The answer, as sean managed to find via an incorrect route, is in fact

BIBINGKA, a traditional Filipino Christmas dish.

To find out why, we must first find out the actual foods these dishes are describing (credit to sean47):

the Norwegian lamb dish is PINNEKJØTT (https://en.wikipedia.org/wiki/Pinnekj%C3%B8tt)
the Swedish rye bread is LIMPA (https://en.wikipedia.org/wiki/Limpa) the indigenous American poultry is TURKEY (https://en.wikipedia.org/wiki/Turkey_meat
the Dutch pastry is BANKETSTAAF (https://en.wikipedia.org/wiki/Dutch_letter)
the German cookie is SPRINGERLE (https://en.wikipedia.org/wiki/Springerle)
the Latin American pork roast is PERNIL (https://en.wikipedia.org/wiki/Pernil)
the Venezuelan corn dough is HALLACA (https://en.wikipedia.org/wiki/Hallaca)
the Italian/Sammarinese cake is BUSTRENGO (https://en.wikipedia.org/wiki/Bustr%C3%A8ng)

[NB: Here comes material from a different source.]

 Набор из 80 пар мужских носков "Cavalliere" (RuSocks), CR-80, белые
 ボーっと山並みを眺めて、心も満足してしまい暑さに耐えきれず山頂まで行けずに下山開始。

We can also match each of these up with one of the names for the dishes, as follows (credit again to sean47):

each of the dishes' names starts with a synonym for one of the names on the menu:

MOUND - BANKetstaaf
ORIGIN - SPRINGerle
PASSAGE - HALLaca
FLABBY - LIMPa
PASSWORD - PINnekjøtt
ARREST - BUSTrengo
REPUBLIC - TURKEY
THROUGH - PERnil

As instructed in hint 2, we'll need to keep them in that order. But what to do with the prices? Well, as @noneuclideanisms pointed out in a comment,

each description has exactly 99 words, which seems like it aligns perfectly with the "cents" value in the prices.

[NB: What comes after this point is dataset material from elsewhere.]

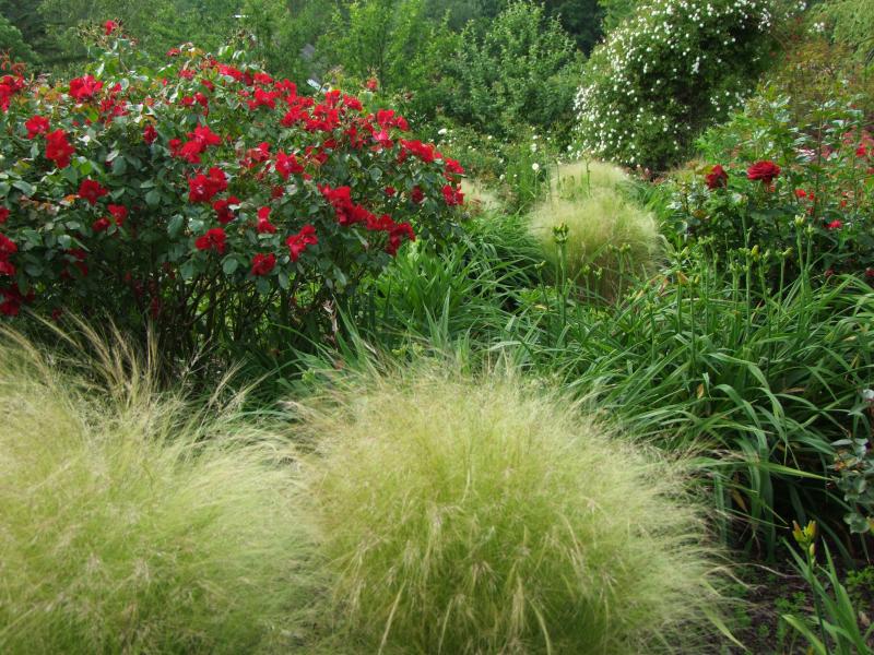 Wirklich dauerblühende Strauchrose 'Apache' von Kordes mit zarten Gräsern.Die Gräser mildern ein wenig die Farbwucht der roten Rose.

This is finally where I come in. I tried

indexing both the dollars and cents values into the descriptions, but that got me nowhere.

Then I realized that

while the names on the menu weren't all long enough to index into by the dollar amounts, the names of the actual dishes were!

This means that

each dish will give us two letters - one from the name of the dish and one from its description - adding up to the 16 letters we were promised in hint 2. Let's see what we find:

Banketstaaf - P1.48 - 1st letter of name is B - 48th letter of description is I ("...served in individual...")
Springerle - P9.70 - 9th letter of name is L - 70th letter of description is H ("...popping right out...")
Hallaca - P7.03 - 7th letter of name is A - 3rd letter of description is N ("Venezuelan corn dough...")
Limpa - P3.60 - 3rd letter of name is M - 60th letter of description is O ("...also incorporate wort...")
Pinnekjøtt - P4.45 - 4th letter of name is N - 45th letter of description is A ("...Norway. Lamb ribs...")
Bustrengo - P3.96 - 3rd letter of name is S - 96th letter of description is I ("...and citrus rinds.")
Turkey - P6.34 - 6th letter of name is Y - 34th letter of description is A ("...American ethnic groups...")
Pernil P4.83 - 4th letter of name is N - 83rd letter of description is G ("...(garlic, onion, pepper).")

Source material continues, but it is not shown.